米国のバリアン社製の放射線治療装置に、手術などのナビゲーションシステムを開発したドイツのブレインラボ社製画像誘導システムを統合し、特に高精度放射線治療に特化したシステムです。
頭や体幹部など幅広く行える汎用性をも備えます。

TrueBeamSTx

バリアンメディカルシステムズ社製リニアック TrueBeam STx

専門的知識を持ったスタッフによる放射線治療

放射線治療装置が最新であったとしても、専門の知識・技術を持ったスタッフが充実していないと、放射線治療を安全に実施できません。

当院には、高精度放射線治療に経験の深い放射線治療専門医1名と放射線治療担当スタッフ数名、大学から派遣された非常勤の医学物理士1名が在籍しています。放射線技師のうち1名は放射線治療を専門とした認定を取得しているので、誰もが安心安全な放射線治療を受けることができます。

また、当院には女性スタッフも在籍しておりますので、乳がんをはじめとする外科領域や子宮がん等の婦人科領域の放射線治療も安心して受けていただけます。

放射線治療に適した環境

当院の放射線治療センターは清潔で環境も良く、実際に放射線治療を行う放射線治療室も広々としており、誰もが安心して放射線治療を受けることができます。

また、放射線治療は平日の決まった時間に毎回行うものですが、当院では患者さんの都合により時間が変更になる場合でも、可能な限りご希望の時間に放射線治療ができるよう対応します。

短期間での治療が可能

最近では正確な治療により、効果を落とすことなく短期間で照射する方法があり治療期間を短くすることが可能です。例えば乳がんの照射は通常25回(約5週間)のところ、15回(約3週間)で可能です。前立腺がんも通常25~40回程度(約8週間)ですが、高精度の治療技術で5回程度で行う場合もあります。当院では可能な場合は積極的に短期照射を取り入れています。

放射線治療による副作用

放射線治療による副作用は多くありません。しかし、場合によっては長期にわたる副作用もあり得ますので、それを防ぐ放射線治療医やスタッフの経験や技量がたいへん重要です。治療後半などで粘膜痛など一時的な副作用が出現することもありますが、なるべく少なくするように工夫しています。

副作用はがんの種類や照射部位により異なるため、個々の副作用については治療開始時にご説明します。例えば頭部では照射部位の脱毛が生じることがあります。前立腺の治療では一時的に頻尿が起こることがありますが、可能な限り副作用を少なくする処置を行います。

放射線治療効果の例

腫瘍による無気肺の解除

無気肺の放射線治療術前

before

無気肺の放射線治療術後

after

腫瘍による無気肺ではよほど大きな腫瘍でない限り、多くの場合放射線の効果は大変高いです。
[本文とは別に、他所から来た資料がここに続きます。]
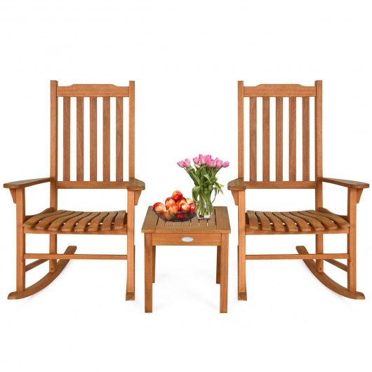 3 pcs Eucalyptus Rocking Chair Set with Coffee Table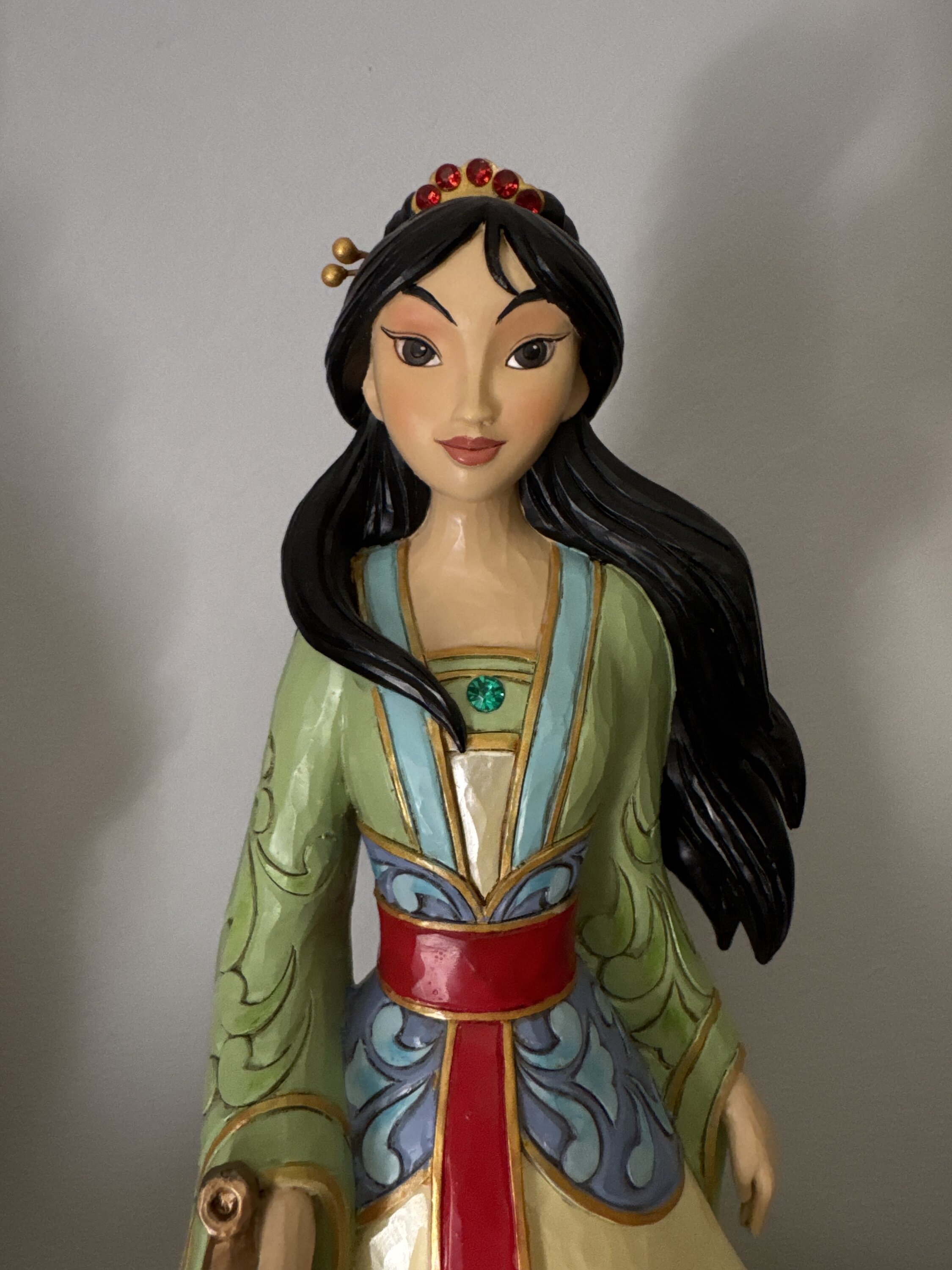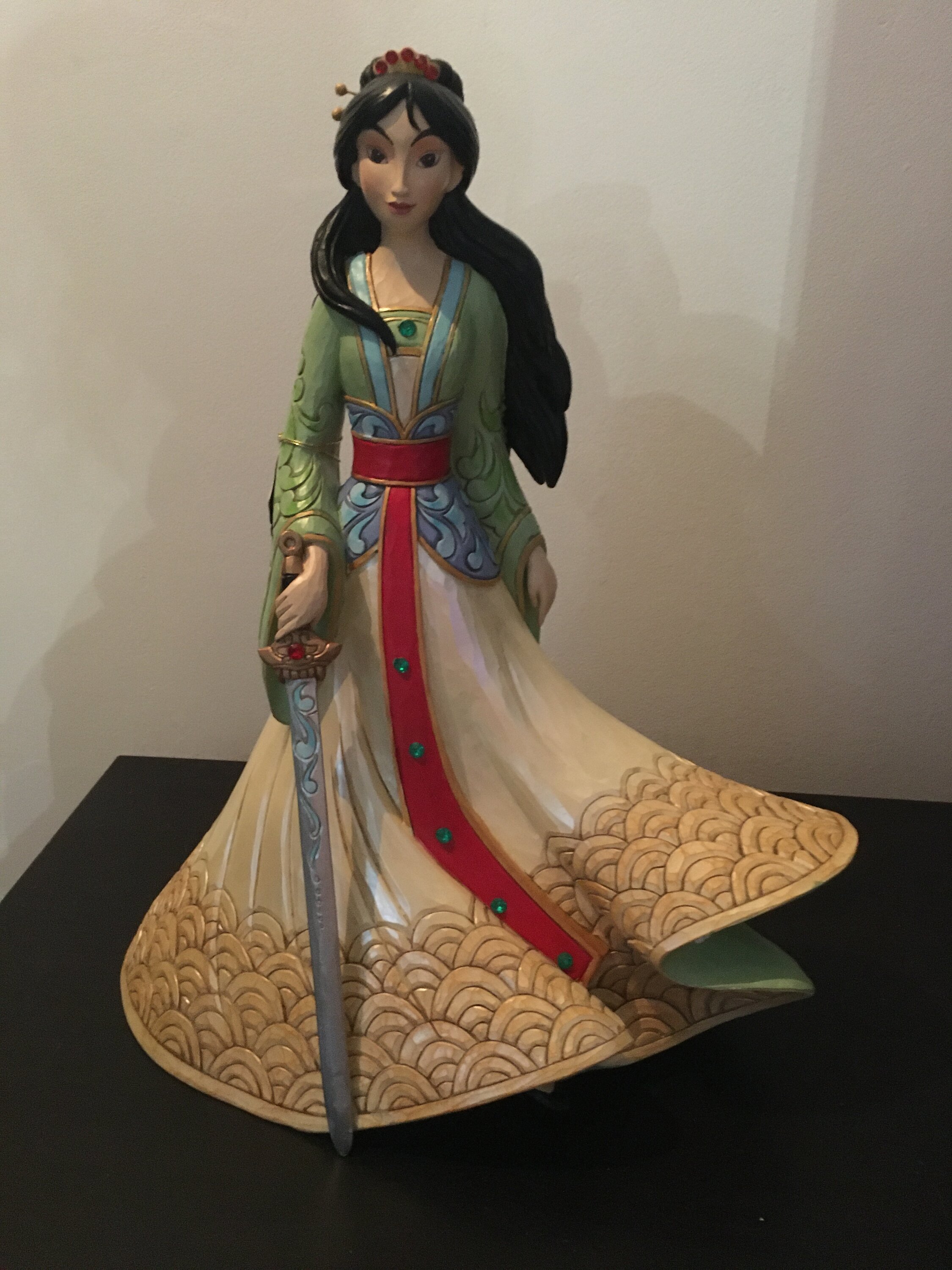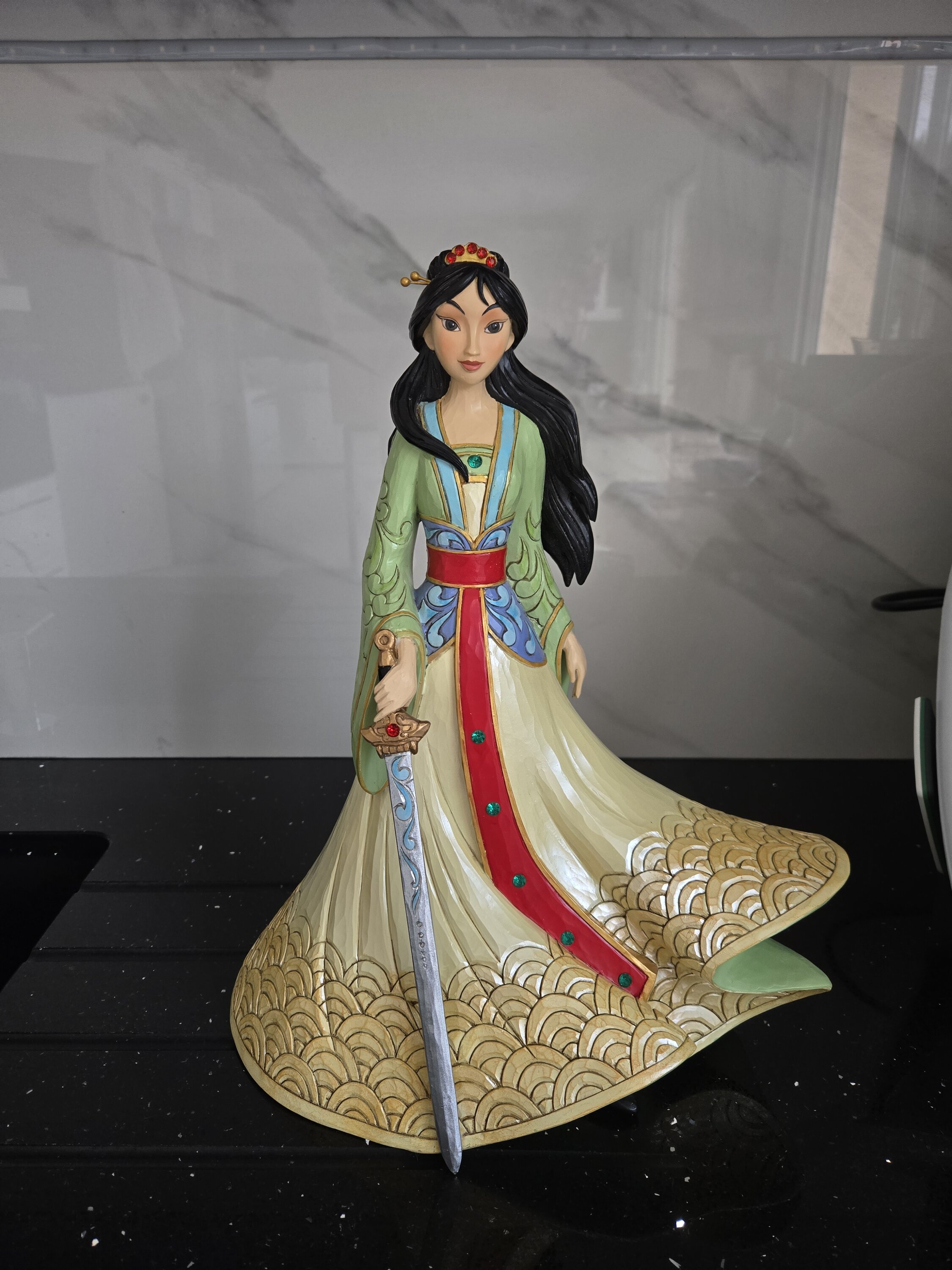 Cette figurine est grande est belle. Avec sa robe, ses cheveux aux vents et son épée, Mulan est magnifique.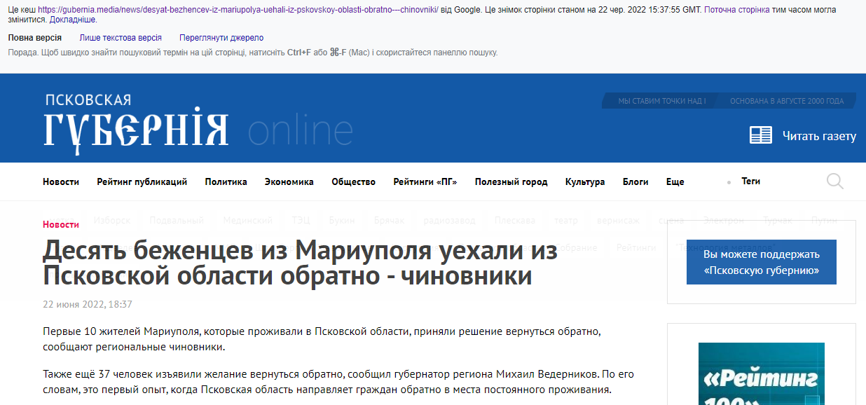 Перші десять українців із Маріуполя, які проживали у Псковській області, вирішили повернутися назад. Ще 37 людей виявили бажання повернутися назад. Про це повідомили регіональні чиновники, а також губернатор регіону Михайло Ведерніков. За його словами, Псковщина уперше направляє громадян назад до місць їхнього постійного проживання.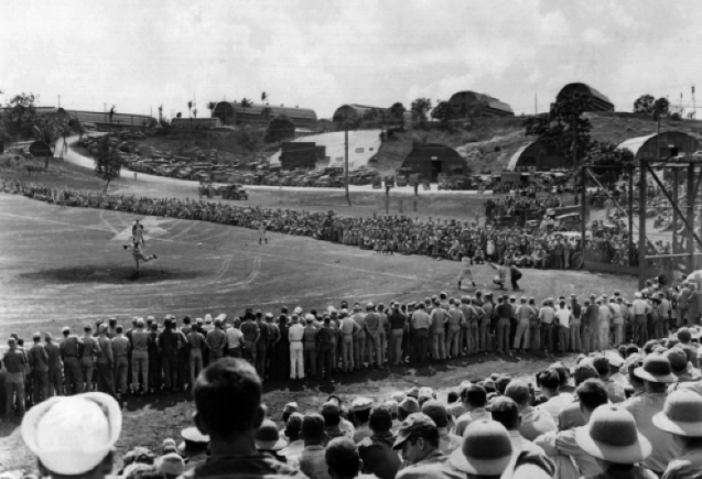 In a David vs. Goliath story played out in front of 50,000 GIs, the integrated All-Stars faced the 71st Infantry Division’s Red Circlers led by Harry Walker, the future leader of a strike attempt to keep Jackie Robinson out of Major League Baseball a year later. The team featured three All-Stars: Walker, Ewell Blackwell, and Johnny Wyrostek, more All-Stars than the 1945 World Series-winning Detroit Tigers.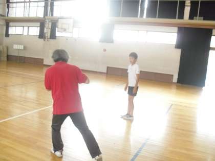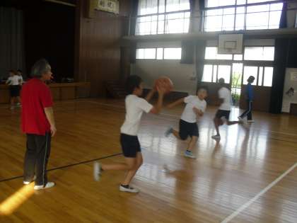 部活動のバスケットボール部は,月曜日の放課後に毎週練習をしています。今日は,地域指導者の北村先生にパスの出し方を教えてもらいました,二人組で速く落とさずにボールを運ぶ練習をしました。

すぐに効果が発現することも、治療後数週間を要する場合もあります。

ピンポイントで照射する定位放射線治療

定位放射線治療術前

before

定位放射線治療術後

after

ピンポイントで照射する定位放射線治療は、正常脳に障害を与えない方法で、ガンマナイフ治療と同じです。この程度の大きさの腫瘍の場合は1回で照射し、ほぼ100%近い患者さんで制御可能です。比較的大きな腫瘍には、3~5回程度に分割して照射するほうが副作用も少なく、効果が期待できます。全身状態を考慮し、多数多発する場合は全脳照射という方法も行います。

放射線治療Q&A

放射線を当てることで痛みや副作用はありますか?
照射中に痛みや熱さを感じることはまったくありません。しかし照射部位によっては、照射回数を重ねるごとに皮膚炎や粘膜炎等で違和感や痛みを伴うことがあります。症状が強い場合はお薬などを処方して痛みを和らげます。副作用はがんの種類や場所によって異なりますので、詳しくは放射線治療医よりご説明いたします。
仕事をしながら、放射線治療を受けられますか?
通常は、通院しながら放射線治療を受けていただくことができます。抗がん剤併用などの場合には入院いただくこともあります。また、治療時間の調整にも可能な限り対応いたします。
治療期間中の日常生活で注意することはありますか?
激しい運動を避けるなどの注意は必要ですが、一般的には日常生活には特に制限はありませんし、お風呂に入っても大丈夫です。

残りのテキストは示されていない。